A perda e a degradação de habitats têm sido impulsionadas principalmente pelo sistema alimentar humano e é a ameaça à vida selvagem mais relatada, indica o relatório. A exploração desenfreada de recursos naturais, as espécies invasoras, a poluição e as doenças estão também identificadas como causa do declínio.

Mike Barrett, principal autor e consultor científico do WWF, disse que, devido à ação humana, “particularmente a maneira como produzimos e consumimos nossos alimentos, estamos cada vez mais perdendo o habitat natural”.

Para Kirsten Schuijt, diretora-geral da WWF Internacional, “a natureza emite um pedido de socorro. As crises interligadas de perda da natureza e mudanças climáticas estão a empurrar a vida selvagem e os ecossistemas para além dos seus limites”.

Quando os ecossistemas são prejudicados, deixam de fornecer à comunidade humana os benefícios dos quais todos dependem – ar limpo, água e solos saudáveis para alimentação. E por estarem danificados, esses ecossistemas se tornarão mais vulneráveis a momentos de mudança.
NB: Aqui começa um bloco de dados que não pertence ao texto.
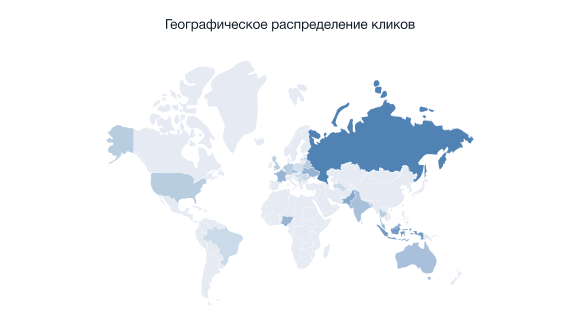 • Кликларнинг географик тарқалиши статистикаси ҳамкорлик фаолияти давомида энг кўп ўтишлари билан мамлакатларни кўрсатади.

Essas alterações podem ser considerados pontos de inflexão e ocorrem quando um ecossistema é empurrado além de um limite crítico, resultando em mudanças substanciais e potencialmente irreversíveis.

A perda de espaços selvagens está “pondo muitos ecossistemas à beira do abismo”, reitera a diretora da WWF no Reino Unido, Tanya Steele, destacando que muitos habitats, da Amazónia aos recifes de corais, estão “à beira de pontos de inflexão muito perigosos”.

O potencial “colapso” da floresta amazônica, está em curso porque deixará de ter capacidade de reter o carbono que aquece o planeta e mitigar os impactos das alterações climáticas.

Em um dos exemplos do relatório, é apontado decréscimo de 60% dos botos cor-de-rosa ou golfinhos de rios da Amazônia devido à poluição e a outras ameaças, como a mineração.

Por sua vez, na Austrália, as tartarugas-de-pente estão em declínio, devido ao fato de as fêmeas nidificantes, no nordeste de Queensland, terem diminuído 57% em 28 anos.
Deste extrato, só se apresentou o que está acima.